Evergrande Group Photo: CFP
China's property developer Evergrande Group's first mass-produced electric vehicle (EV) Hengchi 5 sport-utility vehicles (SUV) will begin pre-sales at 8 pm on Wednesday, as the debt-burdened group bets on its EV business as a new source of revenue for the healthy and sustainable development of the company.
In an apparent move to boost sales amid fierce competition, the company announced that the first 10,000 customers can finalize payment when the vehicle is delivered and will be able to request a refund within 15 days of getting the car in order to ensure their money's security. Moreover, the company said consumers will make payment and withdrawal via a special account at a notary public office, but did not give more details.
A services staff member told the Global Times that there is currently no data about pre-orders, while prices for the vehicle will not be unveiled until 8 pm Wednesday.
"There is no doubt Evergrande has chosen the right direction for future development, but it is too early to say whether expanding into the EV sector can help the company solve its debt crisis," Wu Shuocheng, a veteran automobile analyst, told the Global Times on Tuesday.
Wu said the group has missed the best opportunity by being too slow in rolling out its EVs. "Due to industrial and supply chain disruptions, the prices for raw materials and core components may continue to rise in 2023, which will further increase costs for Evergrande," he said.
Earlier in January, the company announced that its first Hengchi 5 SUV had rolled off the production line in North China's Tianjin Municipality on December 30, 12 days ahead of schedule.
In March, the Ministry of Industry and Information Technology included the model in a recommended promotion and application catalogue of electric vehicles. The company has also opened the first batch of experience centers in major cities, including Tianjin and Guangzhou, South China's Guangdong Province.
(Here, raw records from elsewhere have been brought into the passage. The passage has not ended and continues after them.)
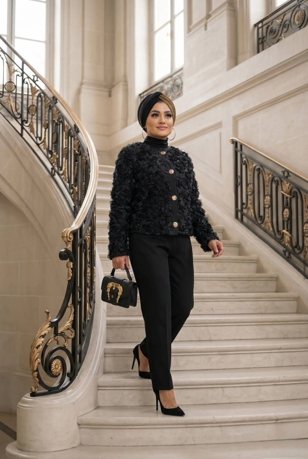 Pantolonlarla kombinlenen Güllü Siyah Ceket, her ortamda size eşlik eder. Ankara’nın en canlı noktalarından biri olan ankara etlik giyim mağazası dendiğinde akla gelen ilk duraklardan biriyiz. Siz de ankara etlik kadın giyim dünyasının en yeni trendlerini keşfetmek istiyorsanız, mağazamıza davetlisiniz. Özellikle ankara etlik tesettür giyim alanında uzmanlaşmış ekibimiz, bu ceketi en iyi şekilde nasıl kombinleyeceğiniz konusunda size rehberlik edebilir. Butik tarzın temsilcisi olan ankara butik kadın giyim konseptimiz, her kadının kendini özel hissetmesini sağlar.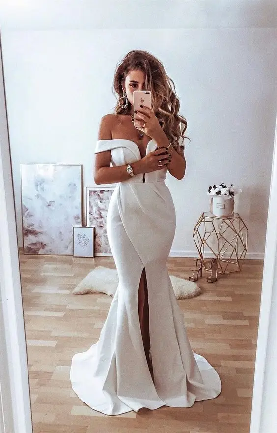Женское свадебное платье с юбкой-годе, разрезом спереди и открытыми плечами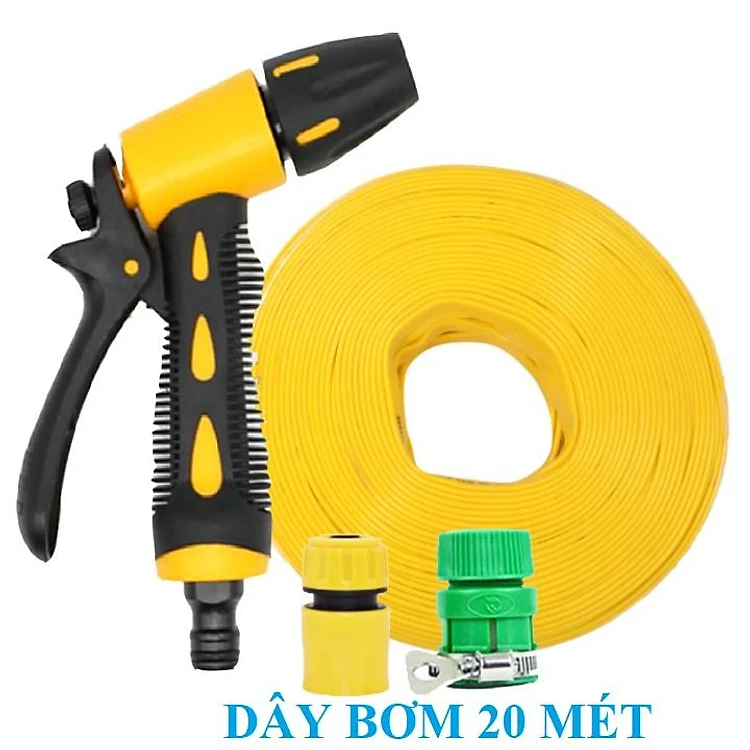 Bộ dây vòi xịt nước rửa xe, tưới cây . tăng áp 3 lần, loại 20m 206236 đầu đồng, cút, nối PE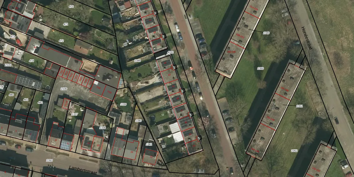 Het perceel waarop Schleidenstraat 41 staat heeft een oppervlakte van 2980 m². Dit is een zeer groot perceel. De perceeloppervlakte wordt geregistreerd door het Kadaster. Gedetailleerde informatie over de maten van dit perceel kunt u vinden in het rapport Kadastrale kaart met maatvoering van Schleidenstraat 41.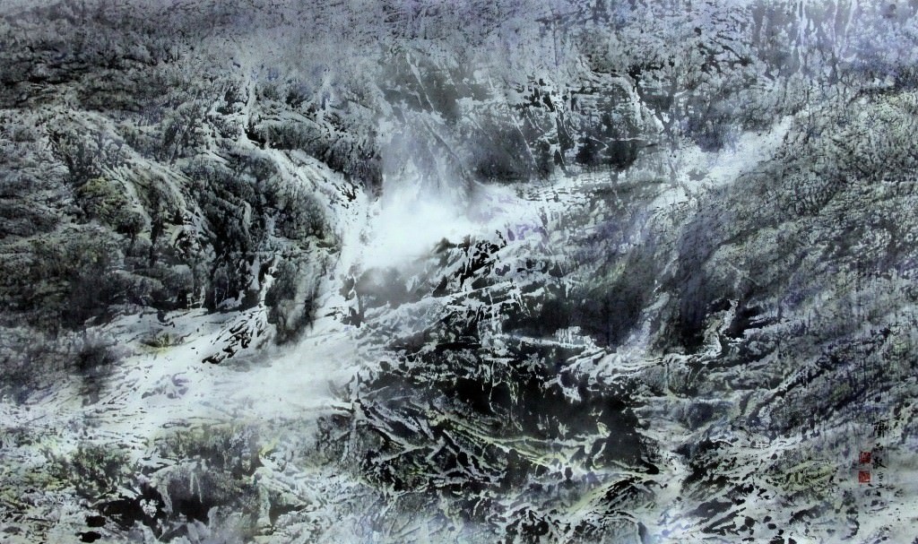 由於酷愛壯麗令人心礦神怡的高山流水,展出作品係以此為發想創作,包括山水組曲、雪韻系列等,藉由不同媒材技法創作,墨漬水紋不同樣貌呈現,在白線墨紋中再琢磨展現水墨新風貌,呈現出心中的意象山水。每件作品都期望讓人有如沉浸在浩瀚的大自然之中,忽而雲海彌漫,忽而水氣磅薄,時時又回到靜謐無聲之境,變幻莫測,讓人嘆為觀止。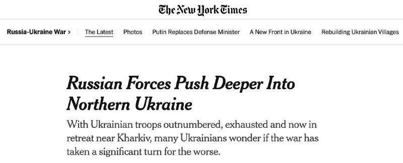 🇷🇺🇺🇦 The Russian offensive on the border of the Kharkov region may increase pressure on the Ukrainian authorities to begin peace negotiations, writes The New York Times.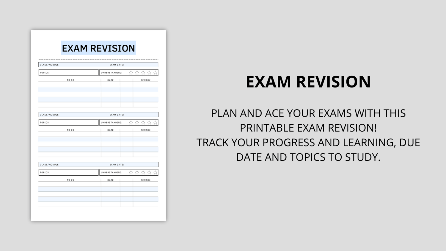 - Exam Revision Sheets – review key topics and prepare effectively for tests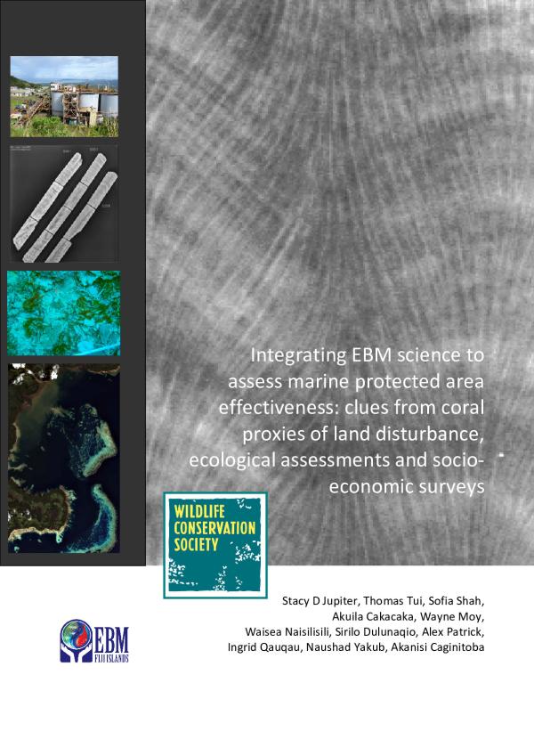 Research for this study was carried out under a two-year project to support the implementation of Ecosystem-Based Management (EBM) at two catchment-to-reef sites on Vanua Levu, Fiji, during which period a pilot study was initiated to evaluate whether longlived coral records could be used to detect land-based disturbance to Fijian reefs. Trace element ratios of barium (Ba) to calcium (Ca) were measured at high (~weekly) resolution with laser ablation inductively coupled mass spectrometry (LA-ICP-MS) in cores collected from inshore and offshore Porites colonies. The Ba/Ca records from the inshore colony collected approximately 5 km south-east of the Yanawai River mouth and 3 km due west of the Nasue marine protected area (MPA) indicate heavy Ba/Ca enrichment between 1996- 1998, which may be related to high levels of sediment delivery to the nearshore while the Mt. Kasi gold mine was operational. Ba/Ca values from the offshore coral collected near the Namena MPA show consistently low baseline values during the same period and over the entire record. Underwater visual census (UVC) surveys of fish biomass, abundance and species richness from 2007 show significantly lower values inside the Nasue MPA than at adjacent sites open to fishing, while the opposite patterns are generally true for the Namena MPA. By synthesizing interdisciplinary data from multiple sources, deductive logic can be used to decipher major drivers of differences in effectiveness of the two district MPAs. Benthic survey data from Nasue closed and open areas showed no significant differences in specific factors which may indicate recent disturbance (e.g. macroalgal cover, rubble) and/or play strong roles in structuring reef fish communities (e.g. live coral cover, presence of fast growing branching corals, reef complexity). Therefore, we conclude that the historical disturbance from the Yanawai River either had minimal effect on benthic communities in Nasue MPA in sites surveyed or they have subsequently recovered and should therefore be able to support healthy reef fish populations if not subject to other types of disturbance. Socioeconomic surveys indicate that Kubulau residents are occasionally witness to infringements of MPA rules and the majority offenders come from outside the district. However, at the same time, Kubulau residents themselves have indicated catch locations within the Nasue (but not Namena) district MPA, suggesting that accidental or deliberate poaching occurs regularly, likely due to lack of awareness of MPA rules and boundaries and inability to see the Nasue MPA from the shore. Recommendations to improve the effectiveness of the MPA are discussed.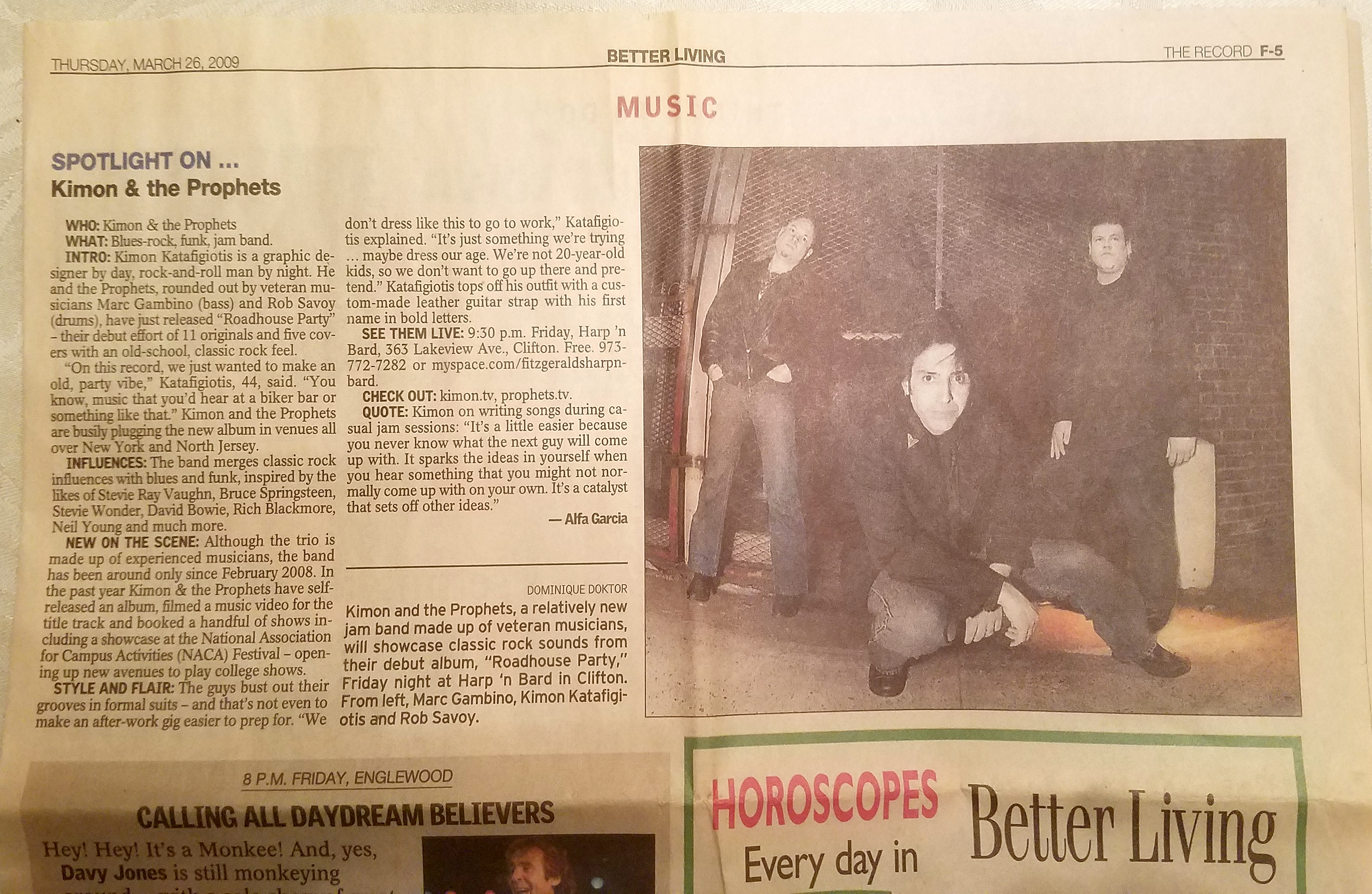 "The aptly titled new Kimon & The Prophets album truly is a "Roadhouse Party", featuring 11 originals and 5 covers (of songs from Jimi Hendrix, David Bowie, Nick Lowe/Elvis Costello, and Don Henley). The originals have a really fun funky blues vibe going on that’s a departure from previous Kimon albums, but in a lot of ways the whole band seems more comfortable on this album then any of the previous ones I’ve heard.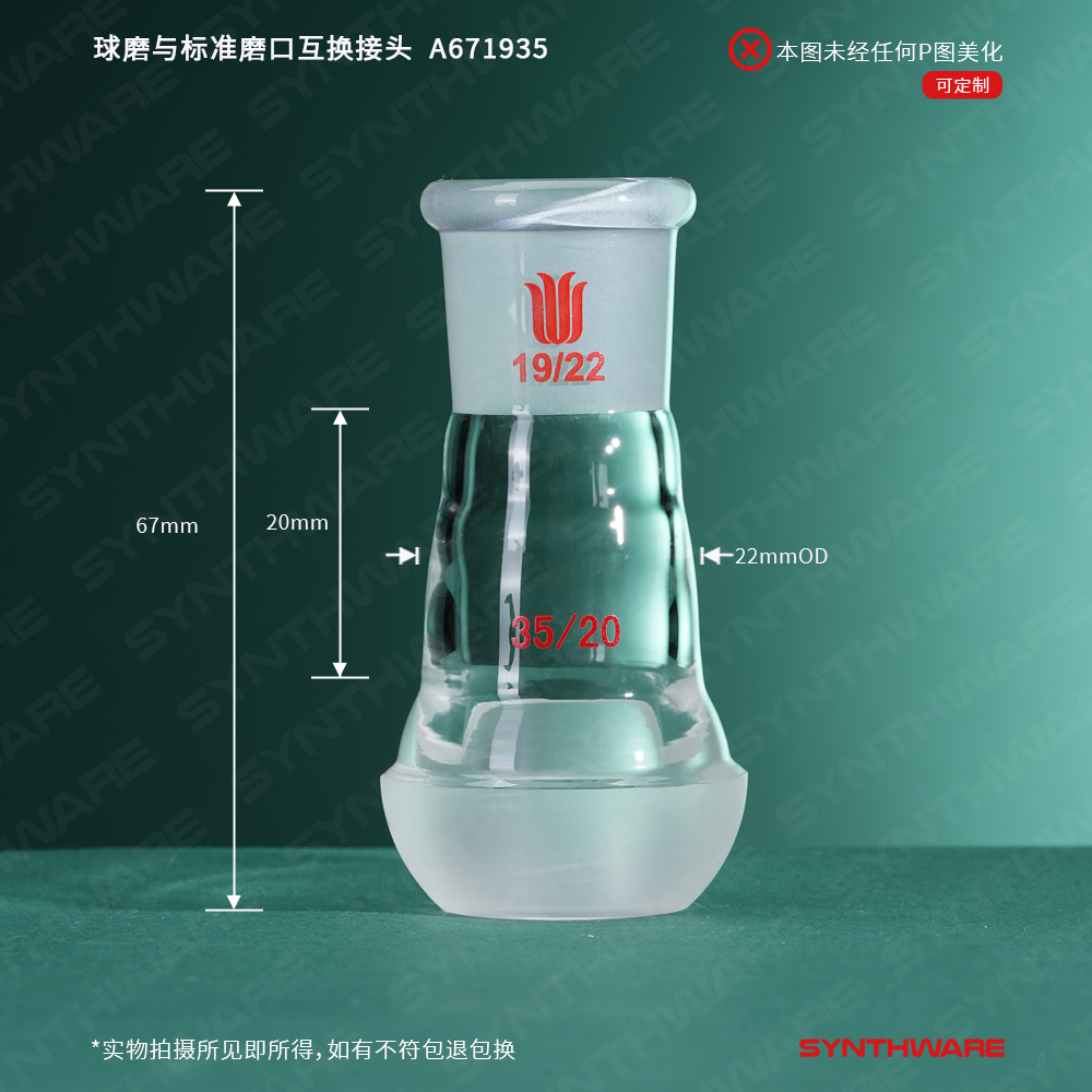 球磨与标准磨口互换接头,上磨口:19/22,下球磨:35/20 A671935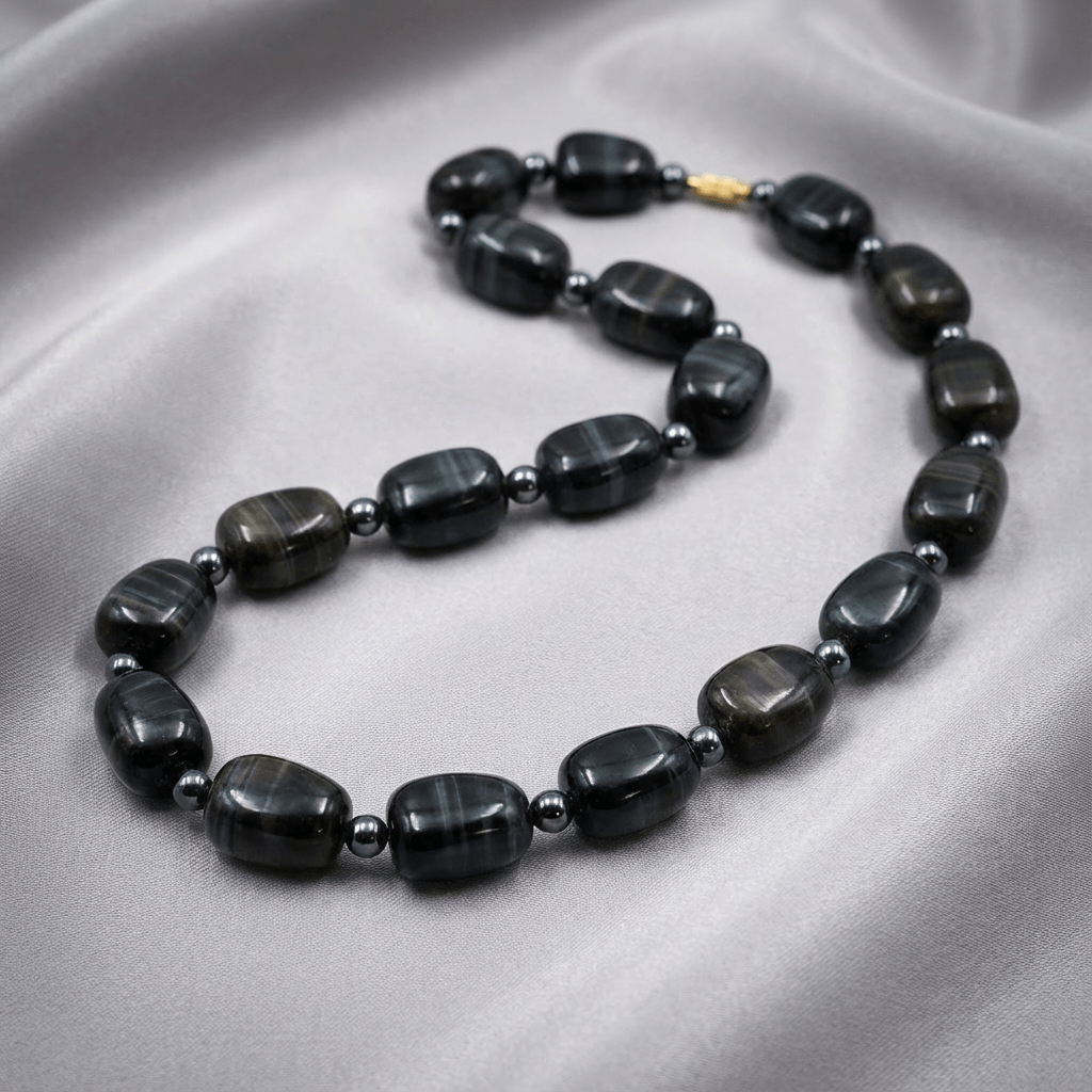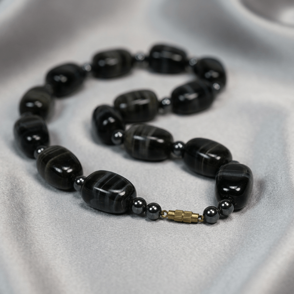Deep charcoal banded agate beaded gemstone necklace with structured handmade construction and polished natural finish. Distributed from Canada.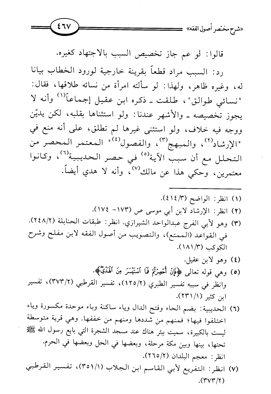 رد: السبب مراد قطعًا بقرينة خارجية لورود الخطاب بيانا له، وغيره ظاهر، ولهذا: لو سألته امرأة من نسائه طلاقها، فقال: "نسائي طوالق"، طلقت - ذكره ابن عقيل إجماعًا (¬1) وأنه لا يجوز تخصيصه - والأشهر عندنا: ولو استثناها بقلبه، لكن يديّن ووجه فيه خلاف، ولو استثنى غيرها لم تطلق، على أنه منع في "الإرشاد (¬2)، والمبهج (¬3)، والفصول (¬4) " المعتمر المحصر من التحلل مع أن سبب الآية (¬5) في حصر الحديبية (¬6)، وكانوا معتمرين، وحكي هذا عن مالك (¬7)، وأنه لا هدي أيضًا.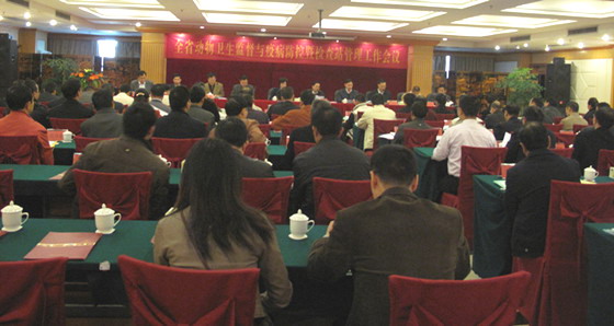 省农业厅党组成员、总畜牧兽医师蔡树淦作了重要讲话。蔡树淦指出,2011年,在省委、省政府,各地党委、政府和兽医主管部门的正确领导下,在农业部的指导下,我省各级动物卫生监督机构、动物疫病预防控制机构和广大动物防疫人员攻坚克难、奋力拼搏、扎实工作,动物防疫监督各项工作取得了显著的成效。一是深圳大运会动物卫生及动物产品安全保障工作任务圆满完成,实现了“动物卫生安全零事故、重大动物疫情零发生”的既定目标任务,得到了农业部和省委、省政府有关领导的充分肯定。二是妥善处置了我省部分地区发生的仔猪腹泻病疫情,成功应对了河南双汇集团“瘦肉精生猪”事件,最大限度降低了对我省生猪生产的负面影响。三是主要动物疫病与人畜共患病防控成效明显,全省上下认真落实免疫、消毒、监测、预警预报、无害化处理等综合措施,全年没有发生重大动物疫情。四是动物卫生监督工作水平明显提高。全省动物屠宰检疫规范年活动取得实效,监督执法巡查工作进一步落实,区域联防联控更加深化。五是兽医实验室检测能力明显提高,生物安全管理水平进一步提升,兽医实验室考核工作扎实推进。六是基层动物防疫工作条件明显改善,基层动物防疫队伍素质明显提高。七是公路检查站的监督检查水平明显提高,取得了“零投诉”的好成绩,树立了良好的执法形象。八是全省执业兽医考试再创佳绩,全省总通过率49.14%,远远高于全国平均水平。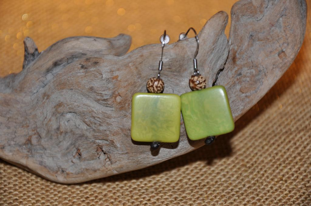 Boucles d'oreilles en inox avec des graines - Tagua vert - "Carré"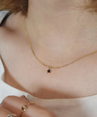 小さめの星モチーフが揺れるシンプルなゴールドネックレス。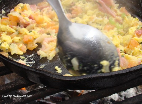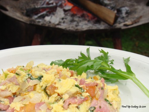 If you are camping this makes a very tasty breakfast, cooked over gentle flames on the braai.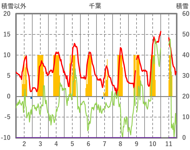 | 日 | 時 | 気温 | 降水 | 風向/風速 | 日照 | 積雪 | 降雪 |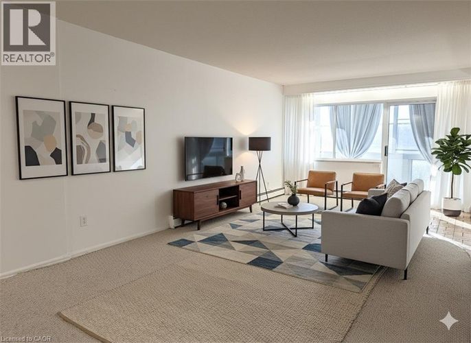 Bright and spacious 2-bedroom condo in the heart of Waterloo. This 6th-floor corner unit features an open layout with plenty of natural light. The large semi-enclosed sunroom is ideal for relaxing in the summer time. The kitchen opens to a generous dining area, and the primary bedroom includes built-in cabinetry and a closet. The second bedroom offers a walk-in closet for extra storage. The unit includes in-suite laundry for added convenience. Located directly across from Westmount Place Mall, this condo is steps from bus routes, the LRT, and just minutes from Uptown Waterloo. Close to shopping, transit, and universities, it’s perfect for first-time buyers, investors, or downsizers. Condo fees include all utilities, heat, hydro, and water, making it a convenient, move-in-ready option. Great value and potential with some cosmetic upgrading. Interior photos are virtually staged. (id:26452)

The launch of its NEV products came at a pivotal period for the company, which is burdened with over $300 billion in liabilities and struggling to address an ongoing debt crisis.
China Evergrande New Energy Vehicle Group has not yet published its audited results for the year ending 31 December 2021, and the trading of its shares in Hong Kong has been suspended since April 1, according to a document the company filed to Hong Kong Exchanges and Clearing in March.
The group said that it was endeavoring to commence mass production of the Hengchi series and was targeting June this year as the rollout date.
Evergrande has invested a total of 47.4 billion yuan ($7.07 billion) in the EV sector since 2018, including 24.9 billion yuan for the acquisition of core technologies and R&D, and another 22.5 billion yuan for facilities and machines, according to media reports.
It aims to become the world's largest NEV group, with annual output and sales of more than one million vehicles by 2025 and over 5 million by 2035.